Data for this task
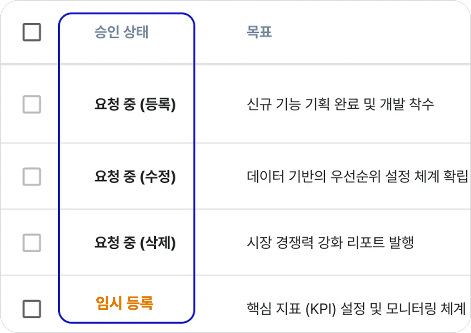 (1) 승인 상태에서 ‘임시 등록’으로 표시된 목표는 아직 승인 요청을 진행하지 않은 목표의 상태를 말합니다.
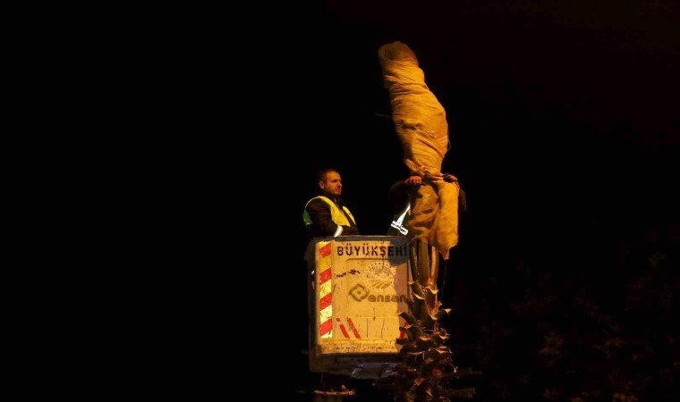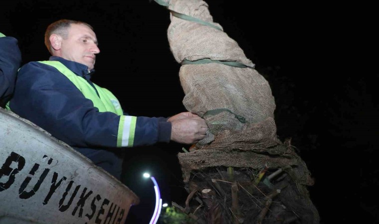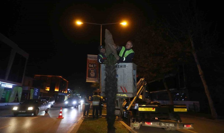 Sakarya Büyükşehir Belediyesi, şehir merkezinin süsü olan palmiye ağaçlarını kış mevsiminin dondurucu soğuklarından için üzerlerini tek tek kapatarak koruyor.
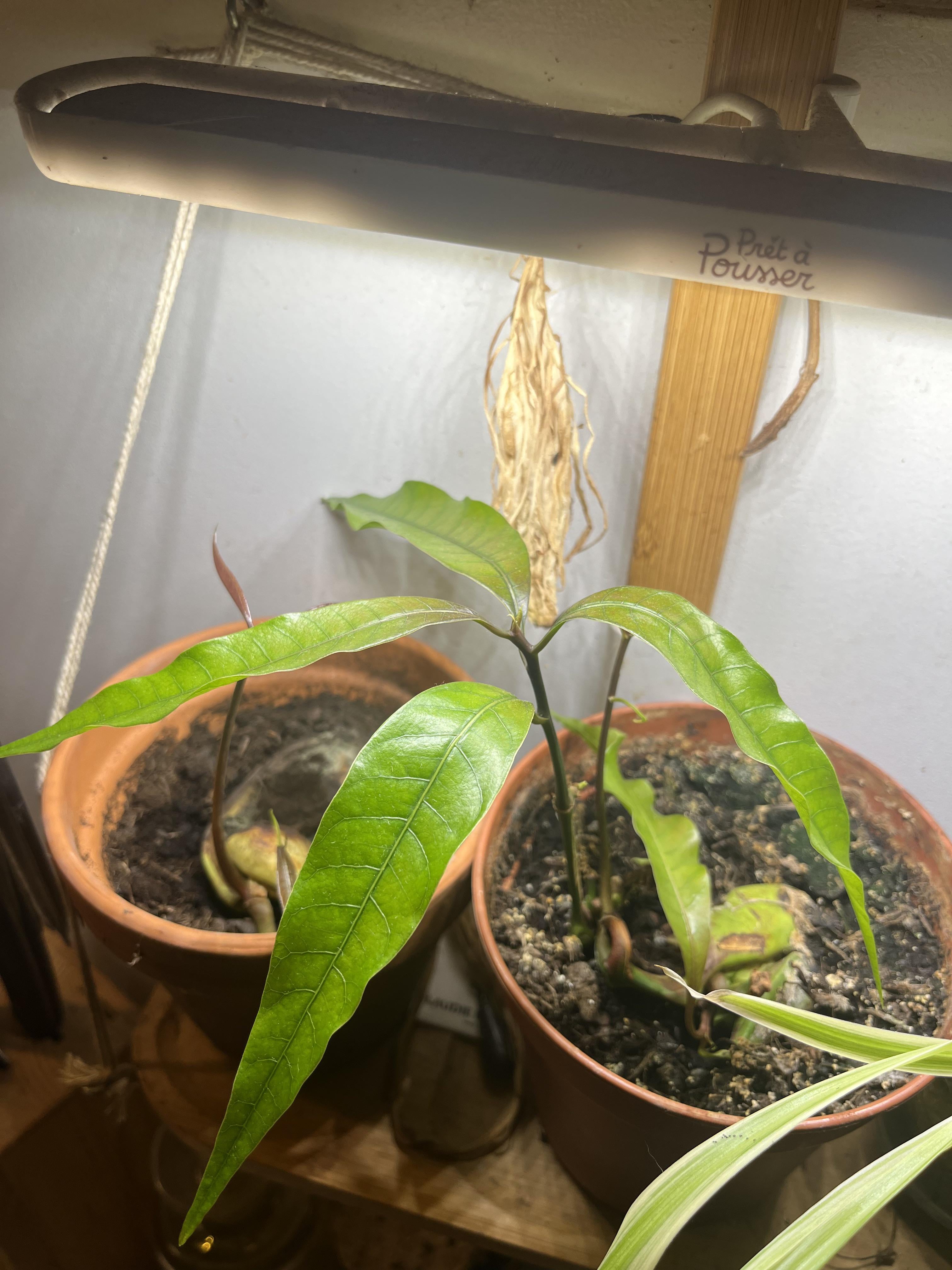 Ich hatte 3 Samen, der erste nahm sehr gut an (ich schnitt die jungen Triebe ab, um das Wachstum eines einzelnen Stiels zu fördern), der zweite keimte auf wundersame Weise, während der Samen zu faulen begann.
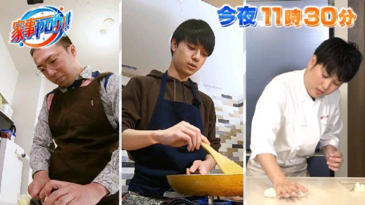 さらに『事務所激推し!家事上級者対抗戦』はバカリズム、カズレーザー、中丸雄一の所属する事務所、マセキ芸能社、サンミュージックプロダクション、ジャニーズ事務所の料理自慢が激突!
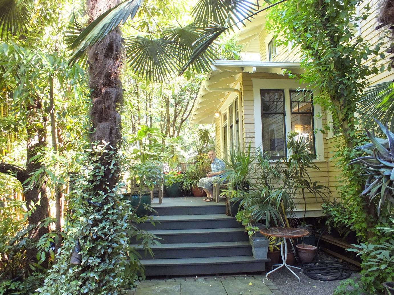 DeleteThis garden reminds me so much of your own. I love that gate! Have fun in Portland. My son lives there, and he has taken me on a tour of some of the neighborhoods where beautiful gardens seem to bloom with little effort. I am so jealous of his climate.
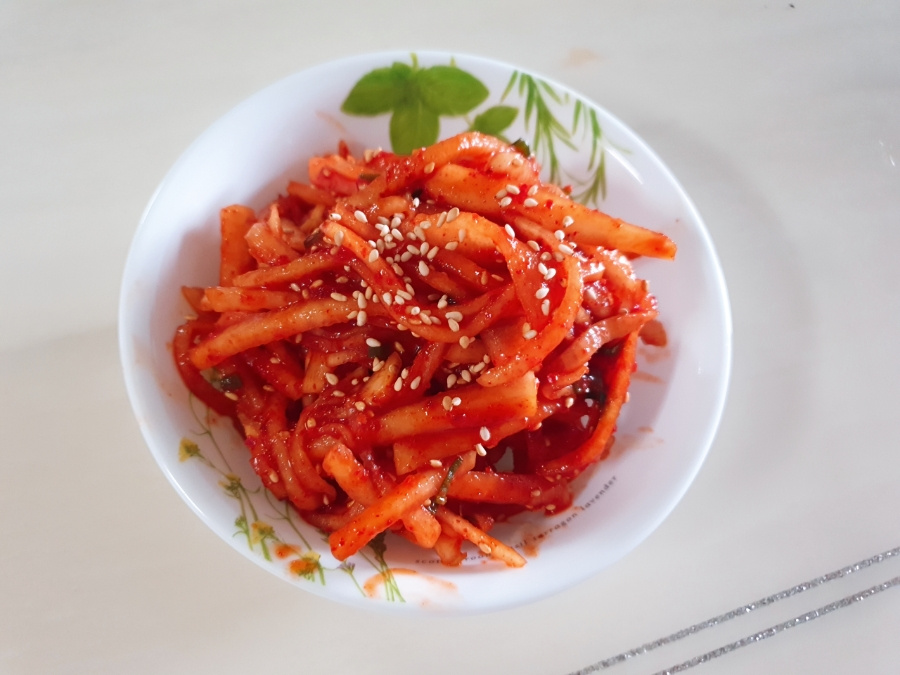 보기에도 먹음직스러운 빨간 빛깔의, 아삭하고 맛있는 무생채가 완성되었습니다! 따뜻한 밥 위에 올려 비벼 먹거나, 삼겹살 등 구이 요리에 곁들여도 정말 맛있답니다. 지금 바로 만들어 보세요!
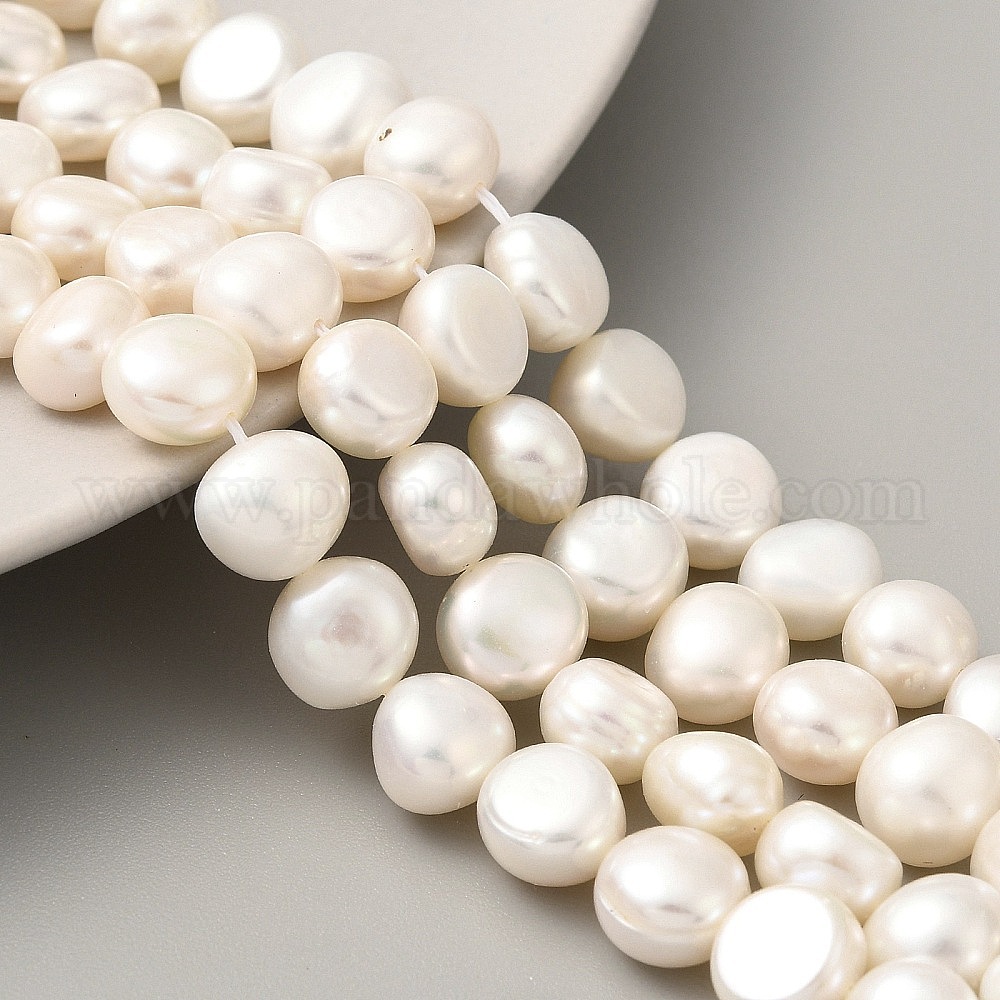 Нити из натурального культивированного пресноводного жемчуга, двух сторон полированной
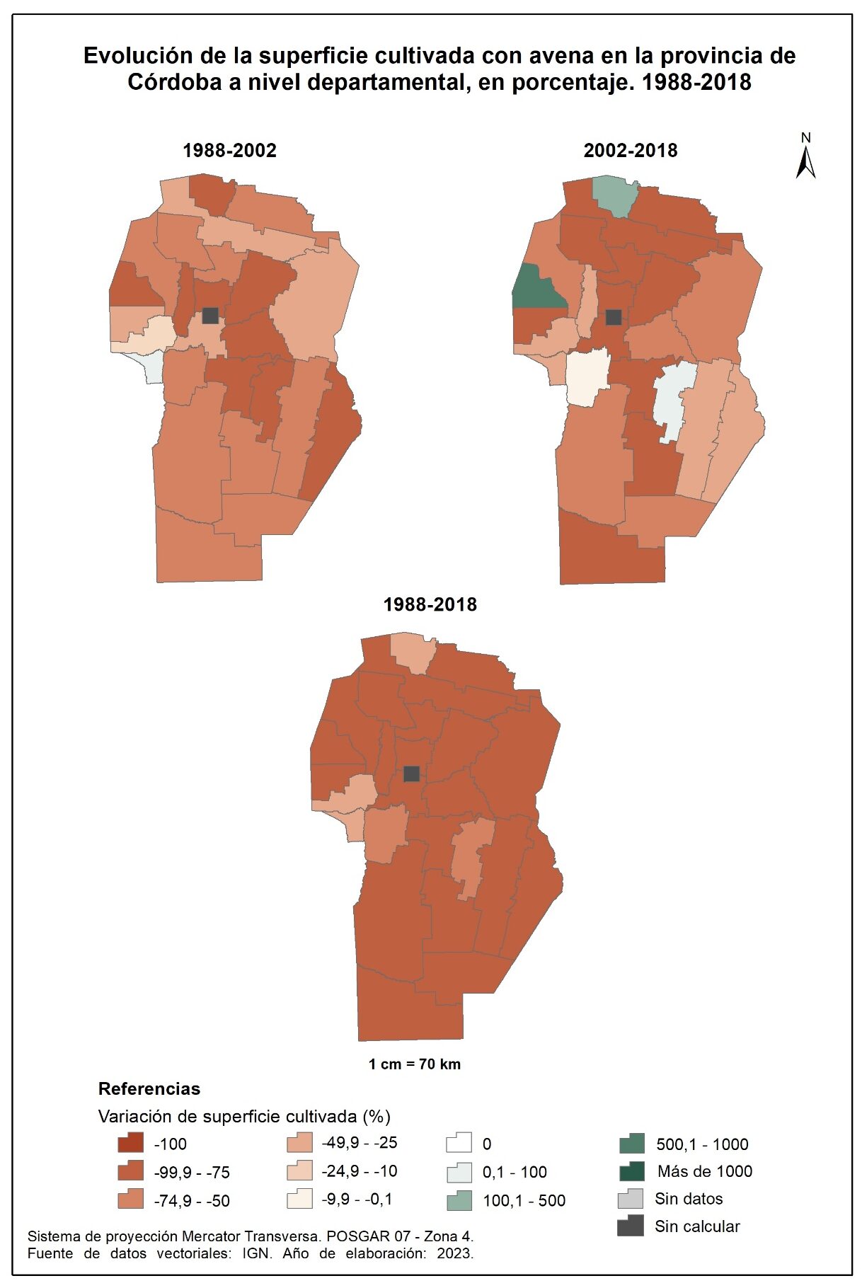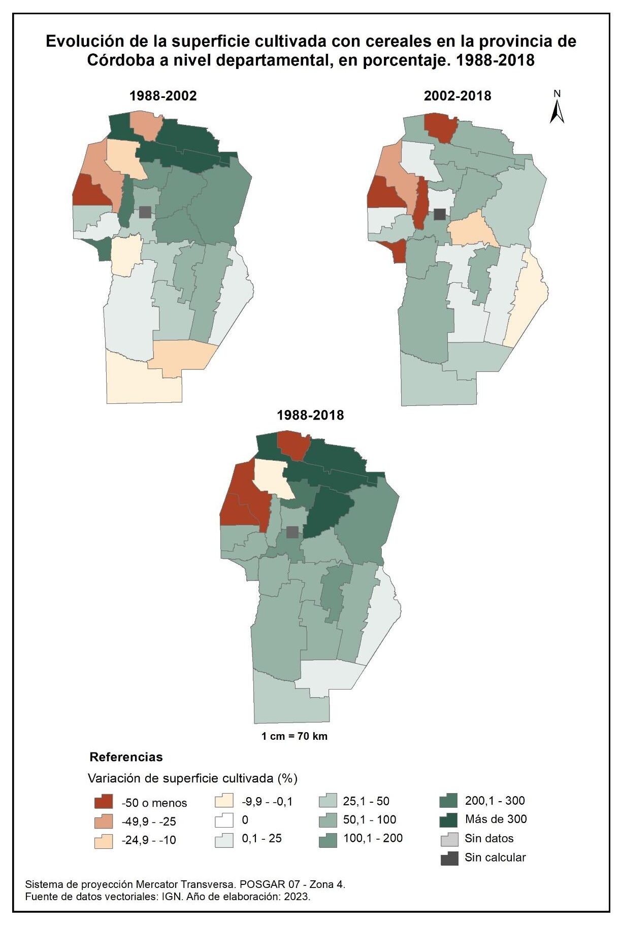 En la totalidad del corte temporal analizado (1988-2018) la mayor parte de la provincia evidencia un incremento en la superficie implantada con cereales, a excepción de cuatro departamentos (Sobremonte, Minas, Cruz del Eje e Ischilín).
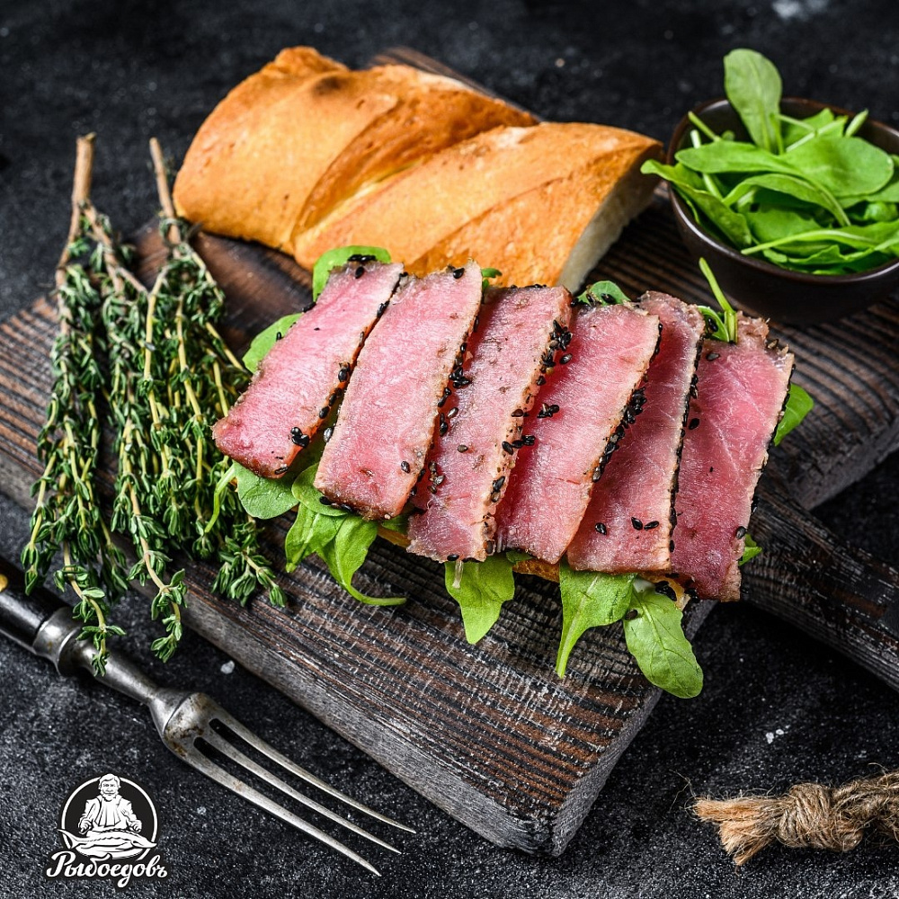 - Выложите на нижнюю часть багета слой свежей рукколы, сбрызните лимонным соком. Сверху разложите ломтики тунца. Посыпьте черным кунжутом.
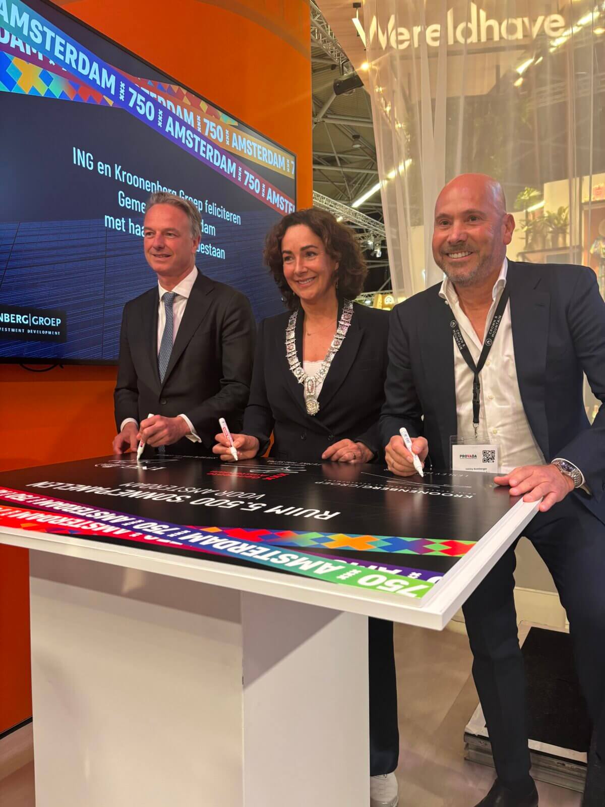 Mayor Halsema received the gift today from the CEOs of ING and Kroonenberg Groep. This took place at Provada, the annual real estate fair at the RAI. Mayor Halsema: ''This gift to the city is a wonderful example of social commitment from the Amsterdam business community. It benefits Amsterdammers and social organizations that need lower energy bills the most. It fits within the initiatives of the New Amsterdam Alliance, where companies, residents, and the government contribute to the city's livability. Not a one-time gesture, but a real investment in the future. For that, I want to thank ING and Kroonenberg Groep.''
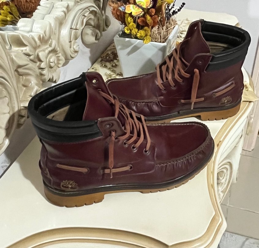 Timberland Bordo renkte, deri malzemeden bağcıklı erkek botlarıdır. Günlük rahat sokak stili için uygundur, klasik ve şık bir görünüme sahiptir.
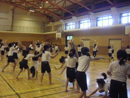 今年の高学年の表現運動のテーマは自然。自然の恵み、自然の力強さを全身で表現します。一人技、二人技、集団での技と見どころは満載です。中町の高学年として頼もしい姿を披露します。楽しみにしていてください。

Your task
Print every line of the material above exactly as it reads, skipping the pictures.

Exercise response
 (1) 승인 상태에서 ‘임시 등록’으로 표시된 목표는 아직 승인 요청을 진행하지 않은 목표의 상태를 말합니다.
 Sakarya Büyükşehir Belediyesi, şehir merkezinin süsü olan palmiye ağaçlarını kış mevsiminin dondurucu soğuklarından için üzerlerini tek tek kapatarak koruyor.
 Ich hatte 3 Samen, der erste nahm sehr gut an (ich schnitt die jungen Triebe ab, um das Wachstum eines einzelnen Stiels zu fördern), der zweite keimte auf wundersame Weise, während der Samen zu faulen begann.
 さらに『事務所激推し!家事上級者対抗戦』はバカリズム、カズレーザー、中丸雄一の所属する事務所、マセキ芸能社、サンミュージックプロダクション、ジャニーズ事務所の料理自慢が激突!
 DeleteThis garden reminds me so much of your own. I love that gate! Have fun in Portland. My son lives there, and he has taken me on a tour of some of the neighborhoods where beautiful gardens seem to bloom with little effort. I am so jealous of his climate.
 보기에도 먹음직스러운 빨간 빛깔의, 아삭하고 맛있는 무생채가 완성되었습니다! 따뜻한 밥 위에 올려 비벼 먹거나, 삼겹살 등 구이 요리에 곁들여도 정말 맛있답니다. 지금 바로 만들어 보세요!
 Нити из натурального культивированного пресноводного жемчуга, двух сторон полированной
 En la totalidad del corte temporal analizado (1988-2018) la mayor parte de la provincia evidencia un incremento en la superficie implantada con cereales, a excepción de cuatro departamentos (Sobremonte, Minas, Cruz del Eje e Ischilín).
 - Выложите на нижнюю часть багета слой свежей рукколы, сбрызните лимонным соком. Сверху разложите ломтики тунца. Посыпьте черным кунжутом.
 Mayor Halsema received the gift today from the CEOs of ING and Kroonenberg Groep. This took place at Provada, the annual real estate fair at the RAI. Mayor Halsema: ''This gift to the city is a wonderful example of social commitment from the Amsterdam business community. It benefits Amsterdammers and social organizations that need lower energy bills the most. It fits within the initiatives of the New Amsterdam Alliance, where companies, residents, and the government contribute to the city's livability. Not a one-time gesture, but a real investment in the future. For that, I want to thank ING and Kroonenberg Groep.''
 Timberland Bordo renkte, deri malzemeden bağcıklı erkek botlarıdır. Günlük rahat sokak stili için uygundur, klasik ve şık bir görünüme sahiptir.
 今年の高学年の表現運動のテーマは自然。自然の恵み、自然の力強さを全身で表現します。一人技、二人技、集団での技と見どころは満載です。中町の高学年として頼もしい姿を披露します。楽しみにしていてください。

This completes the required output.